Thick arms beneath an ivory Henley reached forward to pull out the chair across from me. Reghan sat, his body taking up the space the chair provided. He wasn’t a small man, nor was there an ounce of fat on him. Not that I knew from personal experience. It was a good guess, given the size of his arms and the way his thighs stretched the barrier of his jeans.

Jordan’s guards didn’t dress in suits like him, but they also didn’t protect him while wearing sweats. Since I didn’t see the mafia boss, I assumed Reghan wasn’t on the clock.
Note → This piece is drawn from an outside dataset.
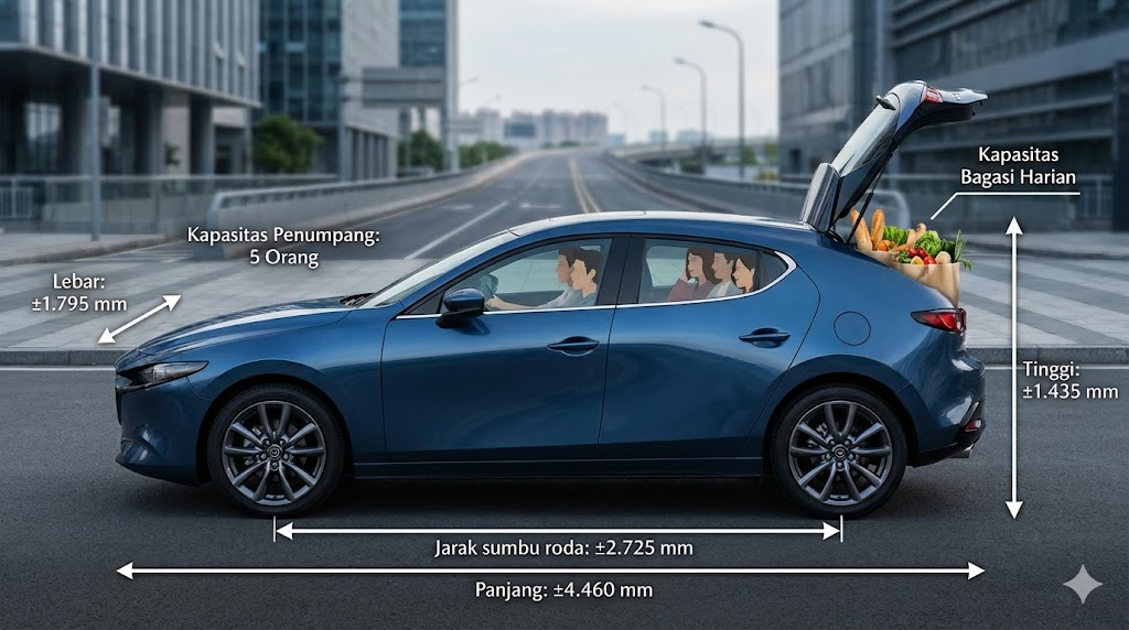 Dimensi ini membuat Mazda 3 Hatchback stabil saat kecepatan tinggi namun tetap lincah di perkotaan.

“What happened?” he asked.

Nothing about this felt right. Reghan shouldn’t look at me with concern. He should be threatening my life, telling me I shouldn’t be in here at the same time as him. Shouldn’t breathe the same air.

I shook my head and stood. I couldn’t do this. My facade was cracking. Reghan seeing it wouldn’t do me any good. Being vulnerable in front of him would knock me down multiple pegs on Jordan’s scale. I couldn’t afford for that to happen. The money had to keep rolling in.

“I was just finishing up,” I told Reghan and reached for my mug.

His hand pressed against my wrist. “You have a full cup, Bear. Sit down and finish it. If you really want to be away from me, I’ll leave.” His eyes held mine. There was hurt in them. I wasn't sure whether it was for me or because I rejected staying here with him. It made my stomach flip with the urge to soothe him. To tell him this had nothing to do with him and everything to do with me.

Wasn’t that the way it always was though? How many times was Reghan the one at my throat while I let him get so close he could lick my lips? I wasn’t the one who approached him. The ball wasn’t in my court. Not now, not ever. The thing was, I didn’t care. I would let Reghan do whatever he wanted to me.

On another day.

At another time.

Anywhere but fucking here.

“I’m not doing this with you,” I told him and shook off his hold, even though I wanted to keep it there.

“What? Being a fucking human?” He all but growled as he pushed his chair back and stood. His hands were planted on the table, and he leaned forward to get right in my face. “I get that you have to be thisI don’t care about anythingguy in front of others, but I thought I was… You know what, screw you.” He straightened and turned without another word. He was out the door seconds later, his legs eating up the distance he was putting between us.